Search code examples
node.jsredisnode-redisbullbull-queue

Bulls Queue Performance and Scalability: Queue.add(), Queue.getJob(jobId), Job.remove()


My use case is to create dynamic delayed job. (I am Using Bulls Queue which can be used to create delayed Jobs.)

Based on some event add some more delay to the delayed interval (further delay the job).

Since I could not find any function to update the Delayed Interval for a Job I came up with the following steps:

onEvent(jobId):
  // queue is of Type Bull.Queue
  // job is of type bull.Job
  job = queue.getJob(jobId)
  data = job.data
  delay = job.toJSON().delay
  job.remove()
  queue.add("jobName", {value: 1}, {jobId: jobId, delayed: delay + someValue})

This pretty much solves my problem.

But I am worried about the SCALE at which these operations will happen.

I am expecting nearly 50K events per minute or even more in near future.

My Queue size is expected to grow based on unique JobId.

I am expecting more than:

  • 1 million daily entry
  • around 4-5 million weekly entry
  • 10-12 million monthly entry.

Also, after 60-70 days delayed interval for jobs will reach, and older jobs will be removed one by one.

I can run multiple processor to handle these delayed job which is not an issue.

My queue size will be stabilise after 60-70 days and more or less my queue will have around 10 million jobs.

I can vertically scale my REDIS as required.

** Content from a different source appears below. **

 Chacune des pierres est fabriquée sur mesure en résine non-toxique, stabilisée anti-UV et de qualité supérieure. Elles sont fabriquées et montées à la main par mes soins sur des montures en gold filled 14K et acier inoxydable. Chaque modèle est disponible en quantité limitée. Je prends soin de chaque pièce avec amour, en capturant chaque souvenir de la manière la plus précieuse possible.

But I want to understand the time complexity for below queries:

 queue.getJob(jobId)  // Get Job By Id
 job.remove() // remove job from queue
 queue.add(name, data, opts) // add a delayed job to this queue

If any of these operations are O(N) OR the QUEUE can keep some max number of Jobs which is less than 10 million.

Then I might have to discard this design and come up with something entirely different.

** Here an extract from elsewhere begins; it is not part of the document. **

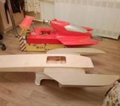 Видно, что струя залетает на палубу ближе к корме и летит прямо в мотор. Появилась мысль сделать небольшую боковую площадку ,примерно в том месте где залетает вода. Примерно от кормы до середины участка на палубе, короче не на всю длину от поплавка. Шириной примерно 50мм. Может поможет.

Need advice from experienced folks who can guide me on how solve this problem.

Any kind of help is appreciated.


Solution

  • Taking reference from the source code:

    queue.getJob(jobId)

    This should be O(1) since it's mostly using hash based solutions using hmget. You're only requesting one job and according to official redis docs, the time complexity is O(N) where N is the requested number of keys which will be in the order of O(1) since I'm expecting bull is storing few number of fields at the hash key.

    job.remove()

    Considering that a considerable number of your jobs is going to be delayed and a fraction of them are moved to waiting or active queue. This should be O(logN) on an amortized level as it's mostly using zrem for these operations.

    queue.add(name, data, opts)

    For job addition in a delayed queue, bull is using zadd so this is again O(logN).